Ikan ini harus disajikan secara keseluruhan. Ini Bagus bukan?” kata Dae Young
bersemangat.
“Apa Kita
datang jauh-jauh ke sini cuma untuk memakan ini? Apa Cuma buat makan ikan yang
dipanggang ini?” tanya Ji Woo heran
“Apa? Kau
bilang "Cuma makan ikan panggang"?” keluh Dae Young sambil
mengerutkan dahi dan kembali mengatakan penjelasan tentang ikan.
“Kau bisa
merasakan khas ikan itu ketika kau memakannya dengan cara ini. Ikan ini seperti
pisau. Bentuknya lurus dan panjang mengingatkanmu tentang pisau. Itu sebabnya
nenek moyang kita layak mendapatkan kehormatan untuk namanya. Mereka juga mulai
menaburkan garam kasar sebelum memanggangnya.” Kata Dae Young
“Dengan
cara ini, ikan dibumbui dengan sempurna dan memiliki aroma yang enak. Itu juga
membuat teksturnya dua kali lebih renyah. Memanggangnya utuh akan menjaga nilai
gizinya dan mengunci kelembabannya.” Ucap Dae Young
“Sementara
itu, kau harus memotong ikan ketika kau merebusnya. Dengan seperti ini, rasa
juicy akan keluar dari daging dan tulangnya yang membuat kaldu itu kaya dan
tebal. Apa aku benar?” kata Dae Young
Ji Woo
hanya melonggo binggung dan heran karena malah bertanya padanya. Dae Young
malah heran karean Ji Woo yang membuat berpikir tentang makna dan cara untuk
menikmati makanan meski itu hanya kacang.
“Kaulah
penyebabnya dan mentorku yang membuatku mendeskripsikan cerita tentang
makanan.” Kata Dae Young
“Apa aku
begitu?” ucap Ji Woo seperti lupa, Dae Young tak ingin memperpanjang mengajak
mereka makan saja.
“Aku akan
singkirkan tulangnya untukmu... Lalu Sekarang, sisihkan dagingnya” kata Dae
Young seperti ahli dengan ikan, Ji Woo pun terkesima melihatnya.
Mereka
mulai makan ikan panggang, Dae Young menyuruh agar Ji Woo mencelupkan pada
kecap asin dan wasabi lalu membungkusnya dengan rumput laut.

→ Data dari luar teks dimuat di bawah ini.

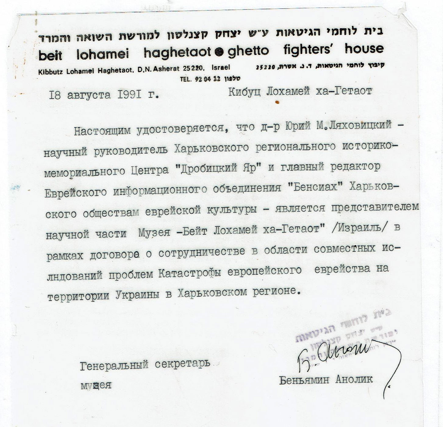 Дальнейшая деятельность доцента Ю. М. Ляховицкого по данной теме проводилась в легальных рамках учрежденной им частной еврейской газеты «Бенсиах» («Собеседник») (1989) и руководимой им Секции истории и культуры еврейского населения Слободской Украины («Институт еврейских исследований») Северо-Восточного научного центра НАН Украины (1994), а также ряда действовавших под его руководством в тот период (до его отъезда из страны в 1996 г.) неформальных (легализованных путем уведомления) еврейских организаций по изучению Катастрофы, как-то: Харьковский региональный историко-мемориальный центр Катастрофы (ХРИМЦИК) «Дробицкий Яр» (1988); Украинский мемориальный фонд Холокоста «Дробицкий Яр» (1990) ; Международный фонд Холокоста «Дробицкий Яр» (1993), институт изучения Холокоста при Нью-Йоркской академии наук (действительным членом которой он был избран в 1996 г.), Независимый архив Холокоста «БеНАХ (1996), а также - проект (см. фотокопию правительственной телеграммы) «Учебно-просветительский комплекс музея Холокоста» (на базе харьковского Дома ученых ) (1996) и др.

Ji Woo pun
mengikutinya dan memuji kalau sangat enak. Mereka juga mulai mencoba sup ikan
pedas, Ji Woo meniupnya lebih dulu dan terlihat bahagia makan dengan Dae Young.
Dae Young memberikan ikan pada mangkuk Ji Woo, terlihat Ji Woo terkesima.
“Karena
ikannya lembut,. itu baik untuk orang dengan sirkulasi darah yang buruk dan
sistem pencernaan yang lemah sepertimu. Dulu kau sering mengalami sakit perut.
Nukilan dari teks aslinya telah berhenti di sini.